The head of the US Department of Energy’s data and analysis arm on Wednesday defended the way his agency assesses natural gas plays in the US, in the wake of New York Times news stories earlier in the week that questioned the economic viability of the US shale gas development.

 

“I think EIA has done an outstanding job of keeping track of something that is a rapidly emerging change in the [US energy] system,” Richard Newell, the administrator of DOE’s Energy Information Administration, told Platts.

 

“It is something that a government agency could easily not be on top of, and it is a part of the system that in a year things change so much that you can be out of touch,” he said. “So, to stay in touch you get access to the best information, and you incorporate that into your outlook, and I think that is exactly what we have done.”

 

Two stories in the New York Times on Sunday and Monday quoted internal EIA emails from officials there who were skeptical that US shale gas resources would live up to the rosy production outlook from industry and the EIA.

 

The stories also led Representative Ed Markey, a Massachusetts Democrat and critic of the controversial techniques used in accessing shale gas, to question whether the estimates reflected reality or a “speculative bubble hyped by the oil and gas industry.” Markey requested that Newell outline the methodology it uses to make estimates on shale gas production.

 

But Newell defended the work of his agency, and emphasized that US gas production was increasing.

 

“This isn’t just perception.
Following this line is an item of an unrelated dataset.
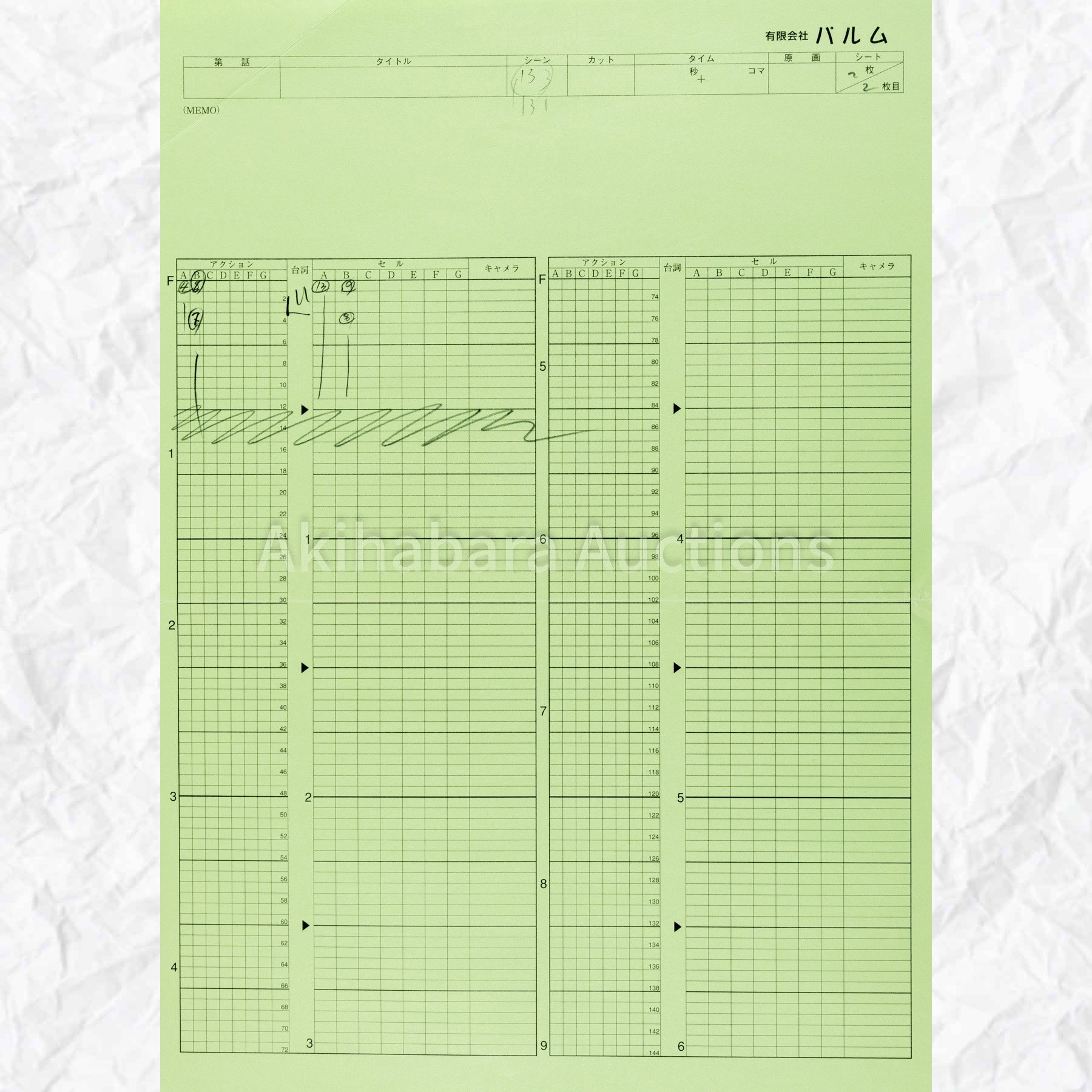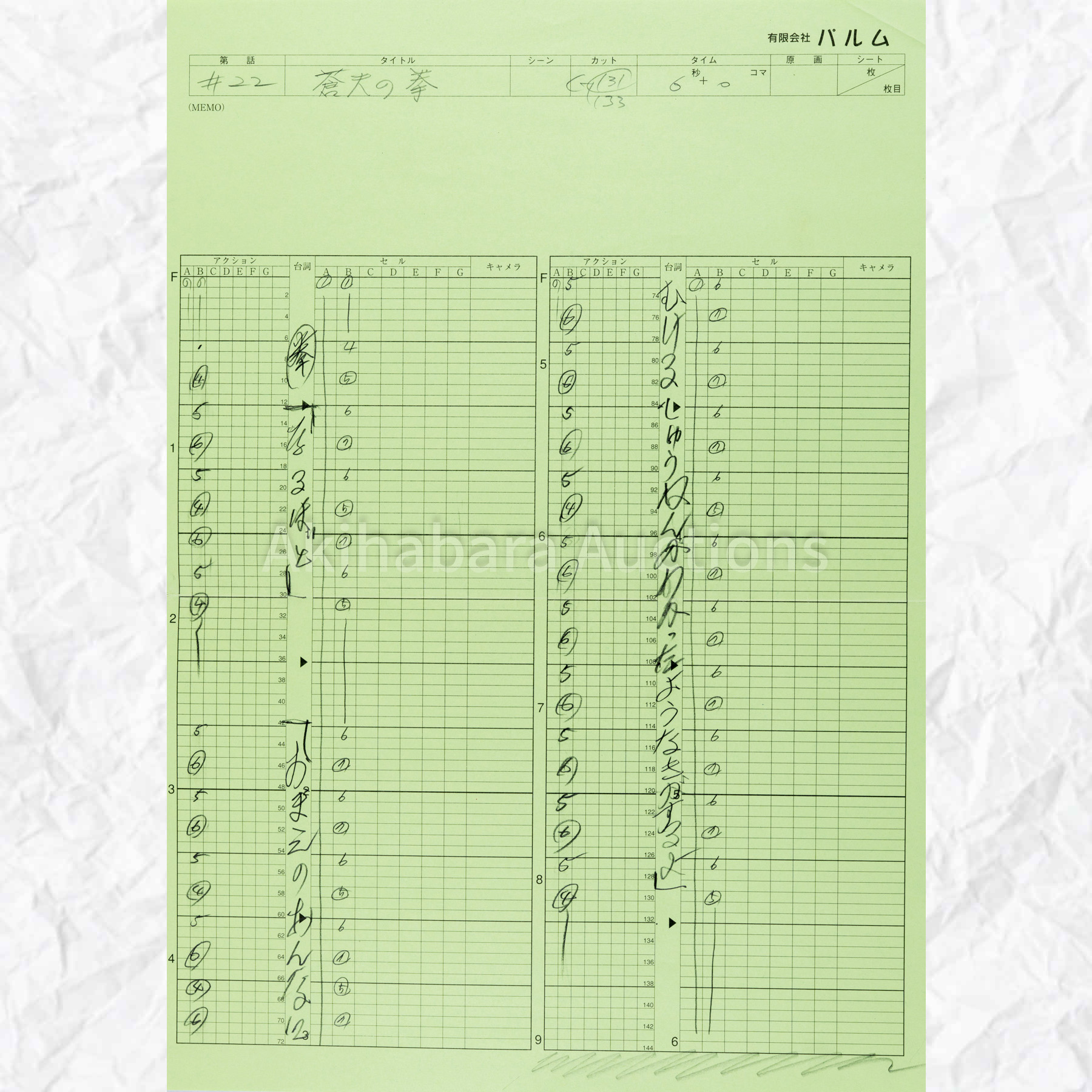 Lot 205 蒼天の拳 原画 修正原画 タイムシート 7枚セット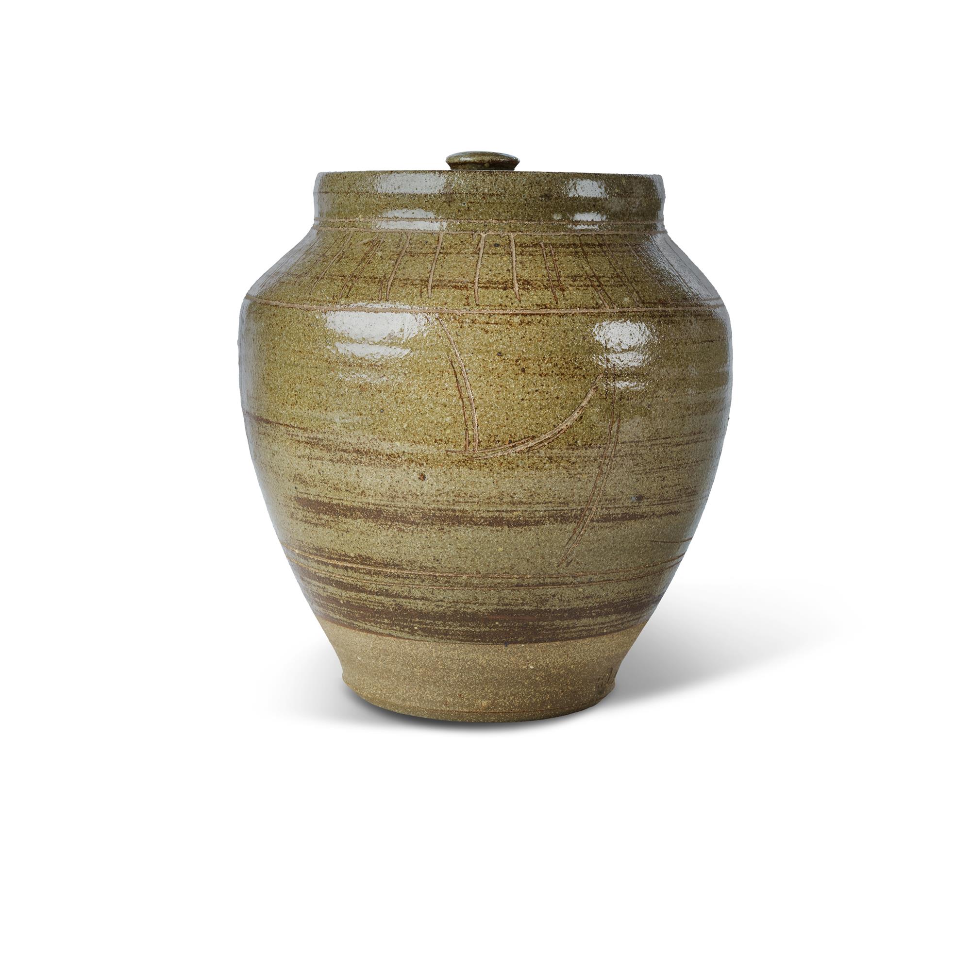 McCONNELL Carl (1926-2003) Stoneware Storage Jar and Lid Incised pattern to body and lid, celadon salt glazed. Impressed seals to foot. (H22cm)Estimate $200-300

Natural gas is being produced, it is being measured, and it is being produced from shale gas reserves,” he said.

 

The development of hydraulic fracturing and horizontal drilling has led to massive increase in the amount of natural gas produced in the US over the past several years. The new techniques also led to independent estimates of gas reserves almost doubling in 2009, from 1,000 Tcf to 1,836 Tcf, with the increase influenced by shale gas activity. The NYMEX natural gas futures contract price also dropped dramatically in the past three years, from above $12/MMBtu in June 2008 to around $4.30/MMBtu this week.

 

That development has its critics however, with many environmental groups and state government’s voicing concerns over the undisclosed chemical materials pumped into the ground by gas companies to retrieve oil from shale.

 

Since the New York Times stories, analysts and others within the natural gas industry have also defended estimates that natural gas production has increased and will continue to increase.